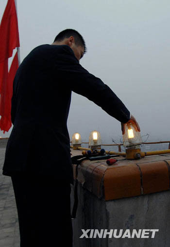 3月4日,工作人員在人民大會堂樓頂檢修夜景照明燈。3月5日,十一屆全國人大二次會議將在北京人民大會堂開幕,當晚,北京市將按照重大節日要求開放夜景照明設施。
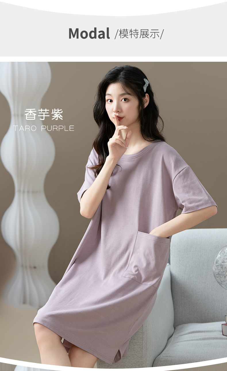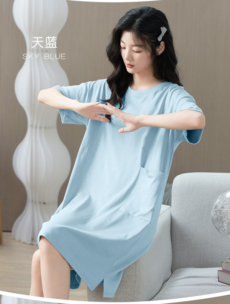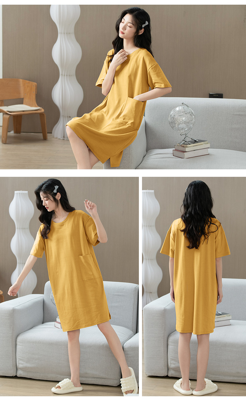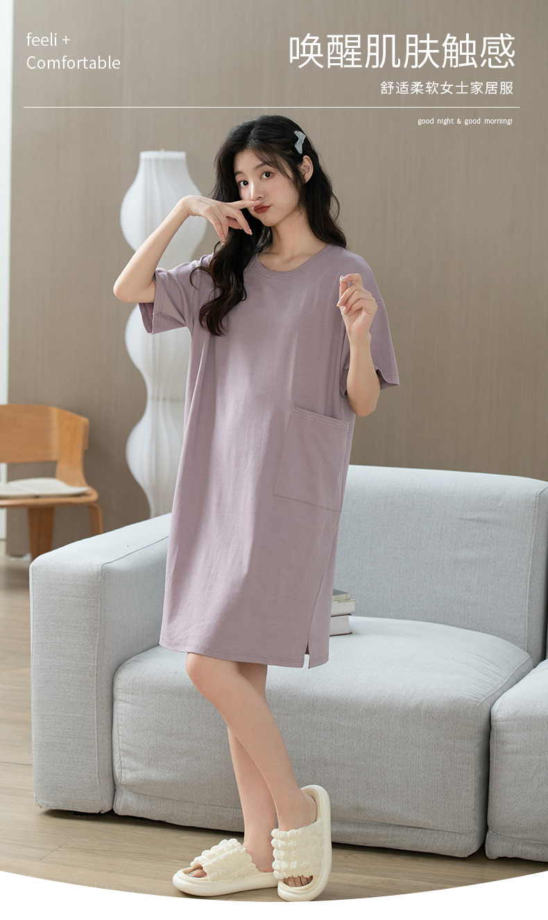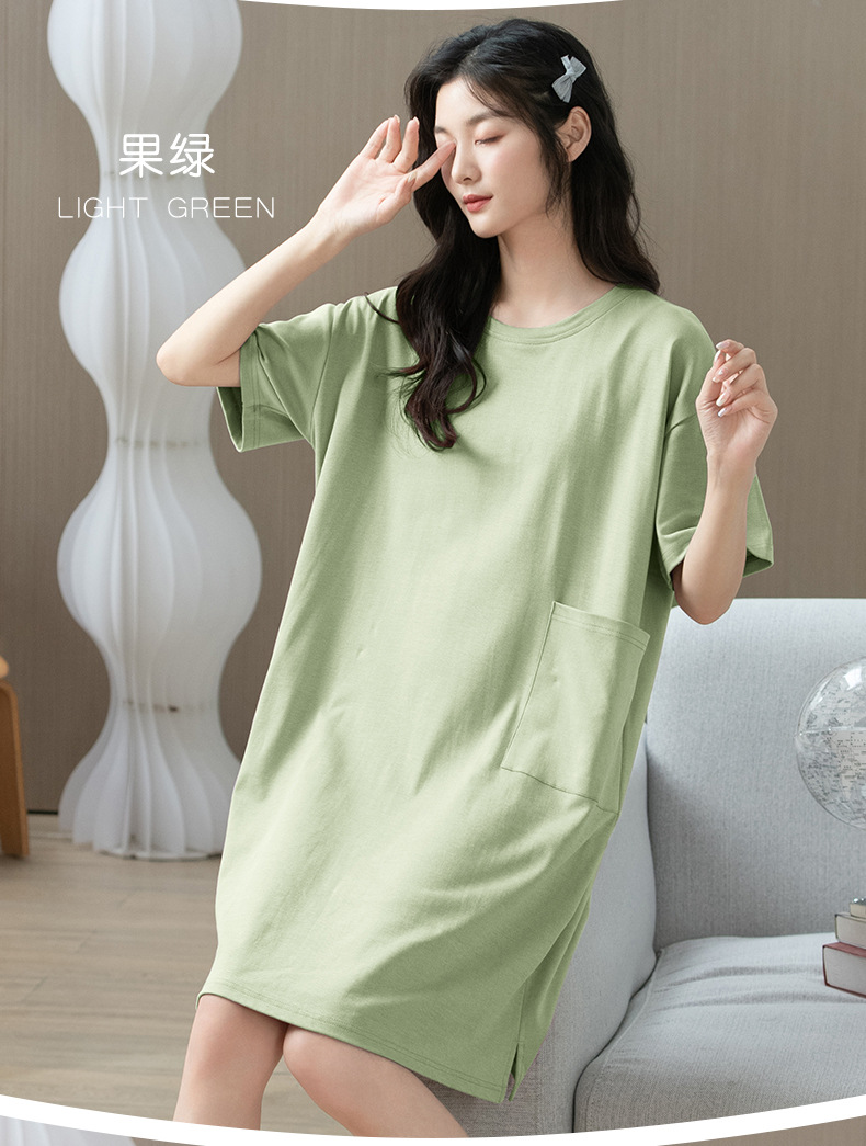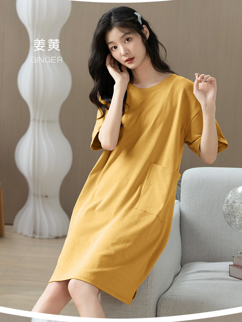 「数色可选!纯棉凉感」夏季睡衣女新款睡裙 女夏季短袖连体圆领舒适套头女士可外穿家居内衣服裙子
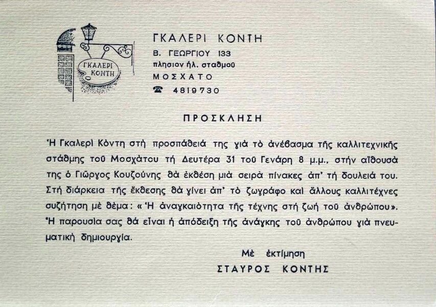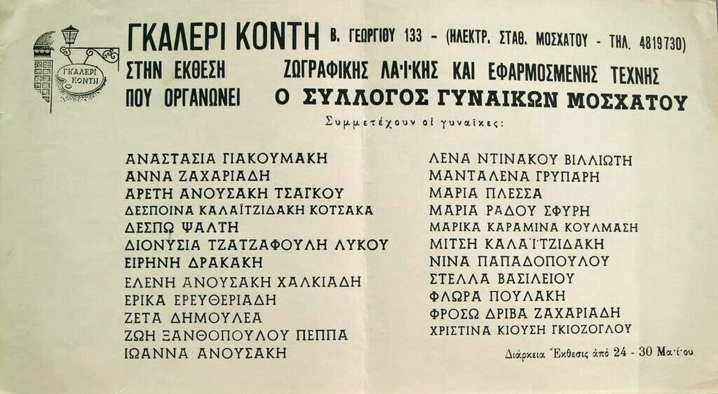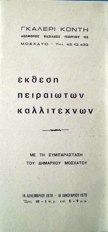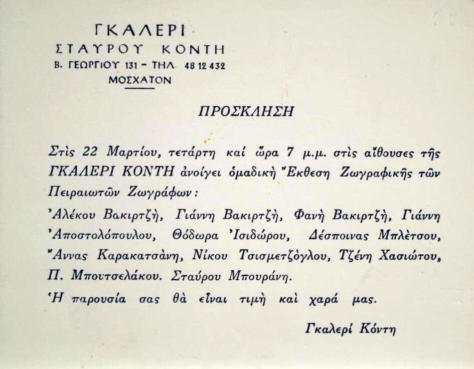 Η οικογένεια Κόντη δραστηριοποιείται στο χώρο των εικαστικών τεχνών από το 1968 στην οδό Μακρυγιάννη 131 στο Μοσχάτο με αρχική δραστηριότητα ΕΡΓΑ ΤΕΧΝΗΣ ΚΟΡΝΙΖΕΣ. Το 1976 μεταφέρει τα "Εργα Τέχνης" στην οδό Μακρυγιάννη 133 όπου και γίνεται αποκλειστικά, Η αίθουσα τέχνης "ΓΚΑΛΕΡΙ ΚΟΝΤΗ". Έχει στο ενεργητικό της όχι μόνο ατομικές και ομαδικές εκθέσεις επιφανών εικαστικών καλλιτεχνών. Ζωγράφων, Γλυπτών, Χαρακτών, Αγιογράφων. Ελλήνων και ξένων, αλλά και μια άγνωστη για πολλούς δράση, Γιατί από το 1977 λειτούργησε και σαν Πνευματικό Κέντρο όπου παρουσιάζει, και προβάλει το έργο σπουδαίων λογοτεχνών, ηθοποιών, και δημοσιογράφων. Ανάμεσα τους ,κατά καιρούς τιμήθηκαν ως εργάτες του γραπτού λόγου οι ακόλουθοι : Απόστολος Μαγκανάρης, ποιητής δημοσιογράφος διευθυντής της εφημερίδας Τα Νέα ιδρυτής των περιοδικών Μάσκα Θεατής, κτλ. Μάνος Κατράκης ο αξέχαστος κορυφαίος ηθοποιός που η σταδιοδρομία του στο θέατρο και στον κινηματογράφο υπήρξε ανεπανάληπτη , ο σημαντικός και βραβευμένος ποιητής Νικηφόρος Βρεττάκος, Ο Βασίλης Μεσολογγίτης, ο Βασίλης Μοσκόβης, Ο Σόλων Κυδωνιάτης, ο Νίκος Μαραγκός και άλλοι. Από τους εικαστικούς καλλιτέχνες τιμήθηκαν οι : Θ. Λεκός , Κ . Βαλσάµης , Γ. Κουζούνης , Μ. Νικολινάκος , Μ. Σοφιανός , Δ .Τηνιακός , Μαξ ΄Ελστερν , Μ.Κανδύλης, Α. Κανάς, Γ. Βακιρτζής , Ν .Κόντης , Σ. Ράλλη , K. Νιάρχος και άλλοι. Όταν δημιουργήθηκε ο θεσμός της πολιτιστικής πρωτεύουσας της Ευρώπης με πρώτη την Αθήνα η γκαλερί για να τιμήσει τον Πειραιά εξέδωσε δυο βιβλία "Σύγχρονοι πειραιώτες ζωγράφοι" και "Η καλλιτεχνική ιστορία του Πειραιά" του λογοτέχνη κριτικού τέχνης Κώστα Θεοφάνους.
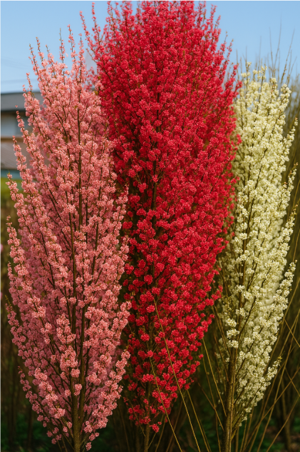 하나의 나무에서 여러 색의 꽃이 피는 이색 품종으로, 눈에 띄는 독특함과 예술적 효과를 동시에 전달합니다. - 어울리는 정원: 테마형 예술정원, 치유카페 정원
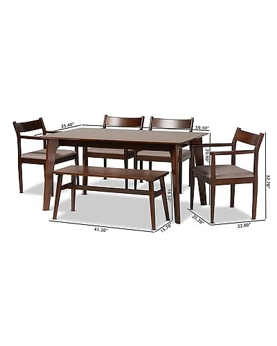 - Reintroduce the allure of classic design into your space with the lovely Coretta dining set. Made in Malaysia, this set includes four chairs, one bench, and one dining table crafted from sturdy wood. The chairs feature a foam-padded cushion upholstered in smooth fabric as well as ergonomic armrests for superb comfort during meals. The Coretta dining set requires assembly and features a rectangular tabletop to ensure ample space for each member of the table. Blending timeless elegance with modern standards, the Coretta dining set redefines any dining space. Overall Table: 59.10″ W x 35.40″ D x 29.90″ H; Table Legs: 29.10″; Overall Chair(s): 25.20″ W x 22.80″ D x 32.70″ H; Seating Area Dimensions: 22.80″ W x 18.40″ D x 18.10″ H; Back: 14.60″ H; Chair Legs: 14.00″ H; Arms: 26.25″ H;
++++++++++
Reproduce the entries above exactly. Do not include the images.

 3月4日,工作人員在人民大會堂樓頂檢修夜景照明燈。3月5日,十一屆全國人大二次會議將在北京人民大會堂開幕,當晚,北京市將按照重大節日要求開放夜景照明設施。
 「数色可选!纯棉凉感」夏季睡衣女新款睡裙 女夏季短袖连体圆领舒适套头女士可外穿家居内衣服裙子
 Η οικογένεια Κόντη δραστηριοποιείται στο χώρο των εικαστικών τεχνών από το 1968 στην οδό Μακρυγιάννη 131 στο Μοσχάτο με αρχική δραστηριότητα ΕΡΓΑ ΤΕΧΝΗΣ ΚΟΡΝΙΖΕΣ. Το 1976 μεταφέρει τα "Εργα Τέχνης" στην οδό Μακρυγιάννη 133 όπου και γίνεται αποκλειστικά, Η αίθουσα τέχνης "ΓΚΑΛΕΡΙ ΚΟΝΤΗ". Έχει στο ενεργητικό της όχι μόνο ατομικές και ομαδικές εκθέσεις επιφανών εικαστικών καλλιτεχνών. Ζωγράφων, Γλυπτών, Χαρακτών, Αγιογράφων. Ελλήνων και ξένων, αλλά και μια άγνωστη για πολλούς δράση, Γιατί από το 1977 λειτούργησε και σαν Πνευματικό Κέντρο όπου παρουσιάζει, και προβάλει το έργο σπουδαίων λογοτεχνών, ηθοποιών, και δημοσιογράφων. Ανάμεσα τους ,κατά καιρούς τιμήθηκαν ως εργάτες του γραπτού λόγου οι ακόλουθοι : Απόστολος Μαγκανάρης, ποιητής δημοσιογράφος διευθυντής της εφημερίδας Τα Νέα ιδρυτής των περιοδικών Μάσκα Θεατής, κτλ. Μάνος Κατράκης ο αξέχαστος κορυφαίος ηθοποιός που η σταδιοδρομία του στο θέατρο και στον κινηματογράφο υπήρξε ανεπανάληπτη , ο σημαντικός και βραβευμένος ποιητής Νικηφόρος Βρεττάκος, Ο Βασίλης Μεσολογγίτης, ο Βασίλης Μοσκόβης, Ο Σόλων Κυδωνιάτης, ο Νίκος Μαραγκός και άλλοι. Από τους εικαστικούς καλλιτέχνες τιμήθηκαν οι : Θ. Λεκός , Κ . Βαλσάµης , Γ. Κουζούνης , Μ. Νικολινάκος , Μ. Σοφιανός , Δ .Τηνιακός , Μαξ ΄Ελστερν , Μ.Κανδύλης, Α. Κανάς, Γ. Βακιρτζής , Ν .Κόντης , Σ. Ράλλη , K. Νιάρχος και άλλοι. Όταν δημιουργήθηκε ο θεσμός της πολιτιστικής πρωτεύουσας της Ευρώπης με πρώτη την Αθήνα η γκαλερί για να τιμήσει τον Πειραιά εξέδωσε δυο βιβλία "Σύγχρονοι πειραιώτες ζωγράφοι" και "Η καλλιτεχνική ιστορία του Πειραιά" του λογοτέχνη κριτικού τέχνης Κώστα Θεοφάνους.
 하나의 나무에서 여러 색의 꽃이 피는 이색 품종으로, 눈에 띄는 독특함과 예술적 효과를 동시에 전달합니다. - 어울리는 정원: 테마형 예술정원, 치유카페 정원
 - Reintroduce the allure of classic design into your space with the lovely Coretta dining set. Made in Malaysia, this set includes four chairs, one bench, and one dining table crafted from sturdy wood. The chairs feature a foam-padded cushion upholstered in smooth fabric as well as ergonomic armrests for superb comfort during meals. The Coretta dining set requires assembly and features a rectangular tabletop to ensure ample space for each member of the table. Blending timeless elegance with modern standards, the Coretta dining set redefines any dining space. Overall Table: 59.10″ W x 35.40″ D x 29.90″ H; Table Legs: 29.10″; Overall Chair(s): 25.20″ W x 22.80″ D x 32.70″ H; Seating Area Dimensions: 22.80″ W x 18.40″ D x 18.10″ H; Back: 14.60″ H; Chair Legs: 14.00″ H; Arms: 26.25″ H;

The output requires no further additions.